I have got a problem where I have to convert the date column with in the format " YYYY-MM-DDT00:00:00.00Z" to "YYYY-MM-DD" removing the timestamp using a formula as I cannot use a Date parser or a split column processors as the engine is SQL and has a limitation to use these processors (typically split should work but it is showing an error).

Also, can you please help to replace the column values which begins with "00+" with "XY" and the values which are blank with the values of another column

eg:

A B C (actual data)
00+0 "elb"

"Should replace the 00-0 with XY as it begins with "00+" and the blank values in column B should be replaced with the values of Column C

(should be converted to)

A B C.
XY "elb" "elb"

Answers

  • Ignacio_Toledo
    Ignacio_Toledo Dataiku DSS Core Designer, Dataiku DSS Core Concepts, Neuron 2020, Neuron, Registered, Dataiku Frontrunner Awards 2021 Finalist, Neuron 2021, Neuron 2022, Frontrunner 2022 Finalist, Frontrunner 2022 Winner, Dataiku Frontrunner Awards 2021 Participant, Frontrunner 2022 Participant, Neuron 2023 Posts: 415 Neuron
    edited July 17

    Hi @Tsurapaneni
    . I've two questions first:

    a) what SQL database are you using? I did a test with an Oracle db, and the date parser and the extract date part are working. What error are you getting?

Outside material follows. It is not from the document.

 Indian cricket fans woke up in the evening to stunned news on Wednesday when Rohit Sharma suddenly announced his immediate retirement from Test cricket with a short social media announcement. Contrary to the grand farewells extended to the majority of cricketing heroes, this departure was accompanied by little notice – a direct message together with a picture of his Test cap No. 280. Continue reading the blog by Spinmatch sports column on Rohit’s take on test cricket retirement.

    b) Do you really need to use the SQL engine? If the amount of data is not that much, and easily fits in memory, maybe it could be a nice idea to use the local engine to avoid the limitation you mentioned. (But if that is not the case, and database is big, my suggestion is not valid)

    About the second part of your question:

    • to replace a value in a column with another, you can use the "Find and replace" processor in the prepare recipe.
    • To fill the empty values in column B with values of column C, you can use a formula processor and the following code:
      if(isBlank(B), C, B)
      if instead of blank values you have null (empty) values, you should use isNull(B) instead of isBlank(B)

    I hope this helps!

  • Tsurapaneni
    Tsurapaneni Dataiku DSS Core Designer, Dataiku DSS ML Practitioner, Registered Posts: 41 ✭✭✭✭

    Thank you so much for the reply. I am using In-database sql engine as we are dealing with large datasets. Regarding the date parser, it is showing an error saying that "not supported settings for "date parser" processor. I am not able to remove the time in the date which is in the format "YYYY-MM-DDT00:00:00.00Z" to convert into "YYYY-MM-dd". I did test out with the functions trunc, asDate etc.. but in vain, not showing the desired results.

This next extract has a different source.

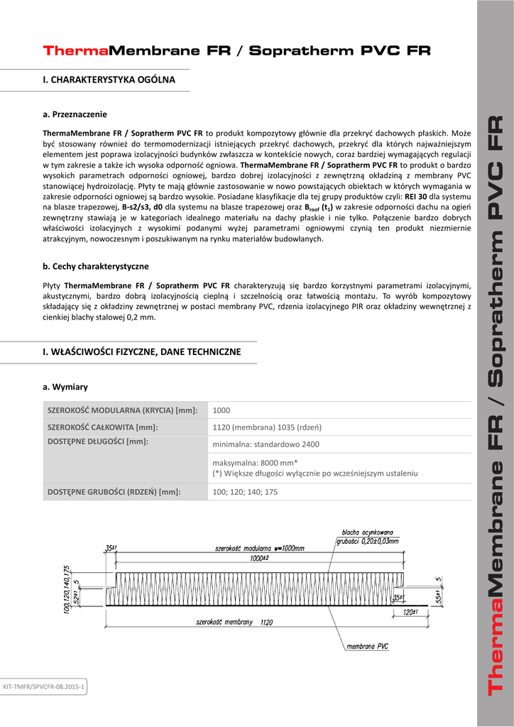 ThermaMembrane FR / Sopratherm PVC FR a. Przeznaczenie ThermaMembrane FR / Sopratherm PVC FR to produkt kompozytowy głównie dla przekryć dachowych płaskich. Może być stosowany również do termomodernizacji istniejących przekryć dachowych, przekryć dla których najważniejszym elementem jest poprawa izolacyjności budynków zwłaszcza w kontekście nowych, coraz bardziej wymagających regulacji w tym zakresie a także ich wysoka odporność ogniowa. ThermaMembrane FR / Sopratherm PVC FR to produkt o bardzo wysokich parametrach odporności ogniowej, bardzo dobrej izolacyjności z zewnętrzną okładziną z membrany PVC stanowiącej hydroizolację. Płyty te mają głównie zastosowanie w nowo powstających obiektach w których wymagania w zakresie odporności ogniowej są bardzo wysokie. Posiadane klasyfikacje dla tej grupy produktów czyli: REI 30 dla systemu na blasze trapezowej, B-s2/s3, d0 dla systemu na blasze trapezowej oraz Broof (t1) w zakresie odporności dachu na ogień zewnętrzny stawiają je w kategoriach idealnego materiału na dachy płaskie i nie tylko. Połączenie bardzo dobrych właściwości izolacyjnych z wysokimi podanymi wyżej parametrami ogniowymi czynią ten produkt niezmiernie atrakcyjnym, nowoczesnym i poszukiwanym na rynku materiałów budowlanych. b. Cechy charakterystyczne Płyty ThermaMembrane FR / Sopratherm PVC FR charakteryzują się bardzo korzystnymi parametrami izolacyjnymi, akustycznymi, bardzo dobrą izolacyjnością cieplną i szczelnością oraz łatwością montażu. To wyrób kompozytowy składający się z okładziny zewnętrznej w postaci membrany PVC, rdzenia izolacyjnego PIR oraz okładziny wewnętrznej z cienkiej blachy stalowej 0,2 mm. I. WŁAŚCIWOŚCI FIZYCZNE, DANE TECHNICZNE a. Wymiary SZEROKOŚĆ MODULARNA (KRYCIA) [mm]: 1000 SZEROKOŚĆ CAŁKOWITA [mm]: 1120 (membrana) 1035 (rdzeń) DOSTĘPNE DŁUGOŚCI [mm]: minimalna: standardowo 2400 maksymalna: 8000 mm* (*) Większe długości wyłącznie po wcześniejszym ustaleniu DOSTĘPNE GRUBOŚCI (RDZEŃ) [mm]: KIT-TMFR/SPVCFR-08.2015-1 100; 120; 140; 175 ThermaMembrane FR / Sopratherm PVC FR I. CHARAKTERYSTYKA OGÓLNA b. Profilowania okładziny zewnętrznej Standardowe: c. Profilowania okładziny wewnętrznej Standardowe: - Płaskie d. Styk płyt Styk płyty jest labiryntowy z zakładką 35 mm, co znacząco poprawia izolacyjność przekryć dachowych ograniczając mostki liniowe. e. Masa 2 GRUBOŚĆ PŁYTY [mm] MASA 1 m [kg] 100 7,2 120 7,9 140 8,6 175 9,8 f. Okładziny Membrana syntetyczna PVC # 1,5 mm zbrojona welonem z włókna szklanego, laminowana geowłókniną (okładzina zewnętrzna) i blacha stalowa ocynkowana 0,20 ± 0,03 mm (okładzina wewnętrzna) g. Rdzeń 3 Sztywna pianka poliuretanowa typu easy PIR o gęstości 34±2 kg/m , współczynnik przewodzenia ciepła w temperaturze +10° C (wartość deklarowana) λd +10° C = 0,025-0,026 W/(m*K) zależnie od grubości płyty. KIT-TMFR/SPVCFR-08.2015-2 ThermaMembrane FR / Sopratherm PVC FR - Płaskie h. Izolacyjność cieplna - Opór cieplny R (m *K/W) dla ścian 100 3,85 120 4,85 140 5,60 175 7,00 - Współczynnik przewodzenia ciepła λd 0,025 W/m*K - dla dN=100 mm 0,026 W/m*K - dla dN=120, 140, 175 mm i. Parametry akustyczne Nie badano j. Szczelność Nie badano k. Odporność ogniowa Płyty ThermaMembrane FR grubości 100, 120, 140 i 175 mm uzyskały klasyfikację w zakresie odporności ogniowej REI 30 w następującym układzie: Blacha trapezowa nośna Paroizolacja - folia PE 0,2 mm - jedna warstwa ThermaMembrane - jedna warstwa 2 Obciążenie podwieszone - 0,30 kN/m Obciążenie śniegiem - I, II i III strefa Wytężenie blachy trapezowej nośnej dla uzyskania odporności ogniowej REI 30 wynosi ... % Nie ma potrzeby stosowania welonu szklanego ! l. Reakcja na ogień Klasa B-s2, d0 - dla grubości 100 mm Klasa B-s3, d0 - dla grubości 120, 140, 175 mm m. Stopień rozprzestrzeniania ognia / Odporność dachu na ogień zewnętrzny NRO od strony zewnętrznej - Broof(t1) n. Trwałość Nie dotyczy KIT-TMFR/SPVCFR-08.2015-3 ThermaMembrane FR / Sopratherm PVC FR 2 GRUBOŚĆ PŁYTY [mm] o. Badania korozyjne Nie dotyczy Dla systemu dachowego jak poniżej: Blacha trapezowa nośna Paroizolacja - folia PE 0,2 mm - jedna warstwa ThermaMembrane - jedna warstwa 2 Obciążenie podwieszone - 0,30 kN/m Obciążenie śniegiem - I, II i III strefa q. Tolerancje wymiarowe Wg PN-EN 13165 III. INFORMACJE DODATKOWE a. Posiadana dokumentacja certyfikacyjna Deklaracja Właściwości Użytkowych CE IV. RYSUNKI TECHNICZNE – WĘZŁY I OBRÓBKI KIT-TMFR/SPVCFR-08.2015-4 ThermaMembrane FR / Sopratherm PVC FR p. Obciążenia

    In the second part of the question, sorry to use the word replace but it is begins with, if a value begins with "00+" I should replace the entire value with "XY". Find and replace processor is also in the list of limitations.

  • Ignacio_Toledo
    Ignacio_Toledo Dataiku DSS Core Designer, Dataiku DSS Core Concepts, Neuron 2020, Neuron, Registered, Dataiku Frontrunner Awards 2021 Finalist, Neuron 2021, Neuron 2022, Frontrunner 2022 Finalist, Frontrunner 2022 Winner, Dataiku Frontrunner Awards 2021 Participant, Frontrunner 2022 Participant, Neuron 2023 Posts: 415 Neuron

    No problem @Tsurapaneni
    .

    I understand now why you need to use the SQL engine.

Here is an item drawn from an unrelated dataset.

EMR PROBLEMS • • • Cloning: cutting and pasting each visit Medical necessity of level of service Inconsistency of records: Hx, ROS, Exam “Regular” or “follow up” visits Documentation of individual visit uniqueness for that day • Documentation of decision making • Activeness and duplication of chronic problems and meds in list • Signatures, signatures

    • did you try the following processor? (for me it does work with the SQL engine):
      date_parse.png
    • The "find and replace" processor can replace substrings, as show here:
      find_and_replace.png
    • Both steps are possible using the SQL engine (again, I'm testing with Oracle, I'm not sure this is valid for all databases)
    • Now, the "Formula" processor can apparently work also with the SLQ engine (again with Oracle at least), as seen here:
      formulasql.png

    I hope this help a little further!

    Ignacio

  • Tsurapaneni
    Tsurapaneni Dataiku DSS Core Designer, Dataiku DSS ML Practitioner, Registered Posts: 41 ✭✭✭✭

    I have tried the format processor for the date but, I am getting the below error and thus the job failed sadly. Regarding the find and replace processor that still didn't server my purpose I have to replace the string which begins with "000+" which means convert the number which "BEGINS" with 000- with elb "000+0000000" into "elb", but not just replacing the "000+" the find and replace processor with regular expression helps but when regular expression is selected it is showing that it is not supported in the in-database sql and it is not helping me in this case.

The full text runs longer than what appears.